▸ COLLECTED MATERIAL
• • •

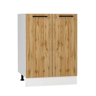 Szafka kuchenna stojąca 60 BONO D60 posiada korpus w kolorze biały mat wykonany z płyty laminowanej oraz front w kolorze dąb złoty z płyty laminowanej. W szafce zastosowano zawiasy z mechanizmem cichego domykania, dzięki czemu zapobiegniemy głośnemu trzaskaniu drzwiczek podczas użytkowania. Dwudrzwiowa szafka wyposażona jest w półkę, która posłuży do przechowywania. Regulowane stopki umożliwią dopasowanie wysokości szafki stojącej do wzrostu użytkownika oraz umożliwi zachowanie poziomu wszystkich szafek w razie nierówności podłogi. Szafka kuchenna 60 BONO D60 to praktyczny element z kolekcji mebli kuchennych firmy Stolkar o szerokości 60 cm umożliwiający zagospodarowanie dolnej przestrzeni o tej samej szerokości.
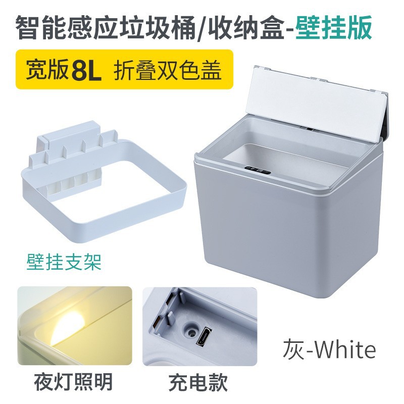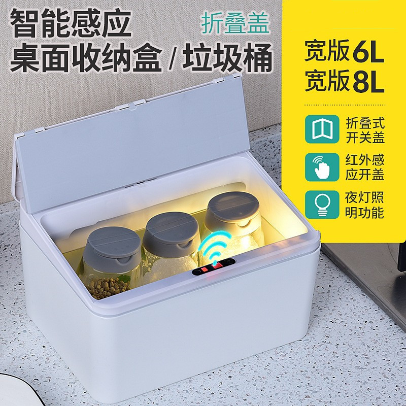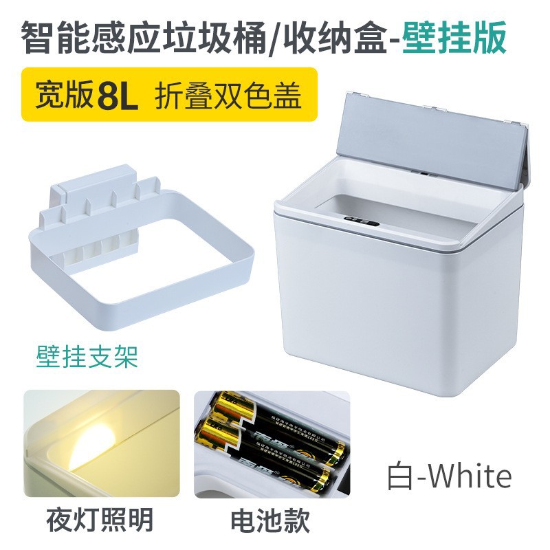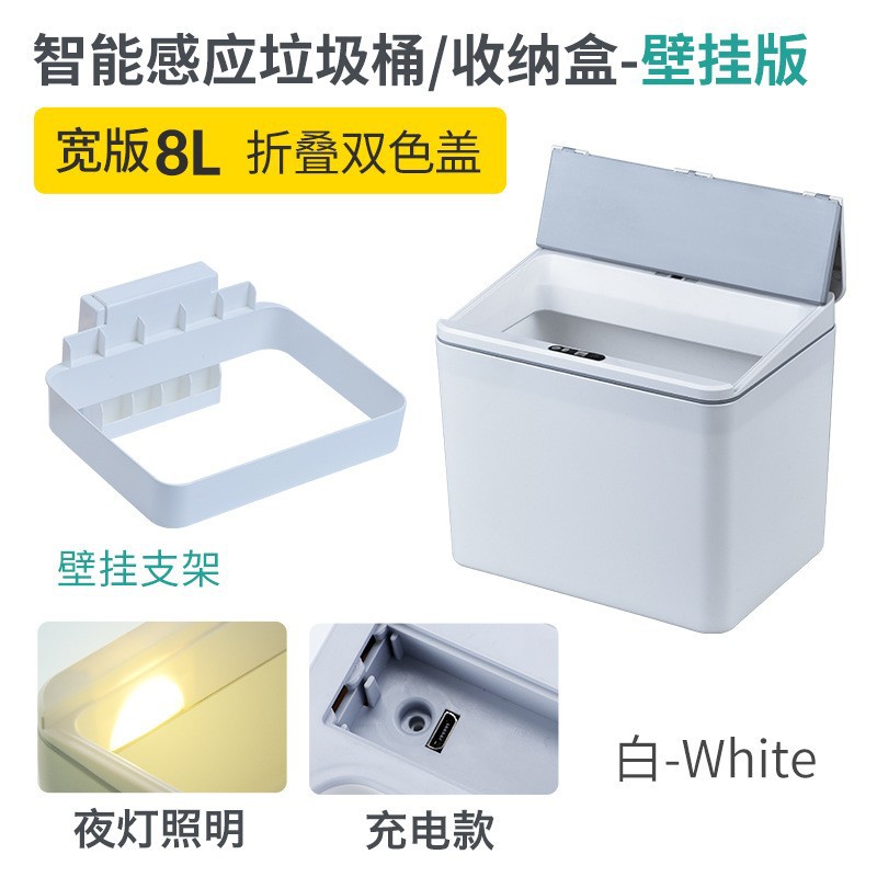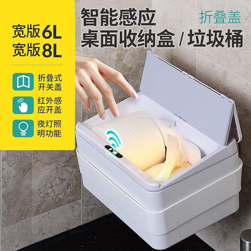 智能感应电动桌面垃圾桶挂壁厨挂墙收纳盒桌上办公室纸巾盒口罩盒
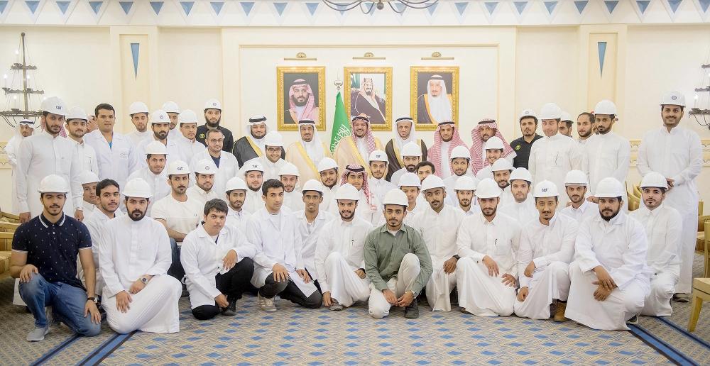 الأمير فيصل بن مشعل مع المهندسين السعوديين عقب رعايته توقيع مذكرة التفاهم. (عكاظ)

• • •

The line containing "智能感应电动桌面垃圾桶挂壁厨挂墙收纳盒桌上办公室纸巾盒口罩盒" and each line after it through the end of the listing above are to be written out exactly, without the pictures.

▸ OUTPUT
 智能感应电动桌面垃圾桶挂壁厨挂墙收纳盒桌上办公室纸巾盒口罩盒
 الأمير فيصل بن مشعل مع المهندسين السعوديين عقب رعايته توقيع مذكرة التفاهم. (عكاظ)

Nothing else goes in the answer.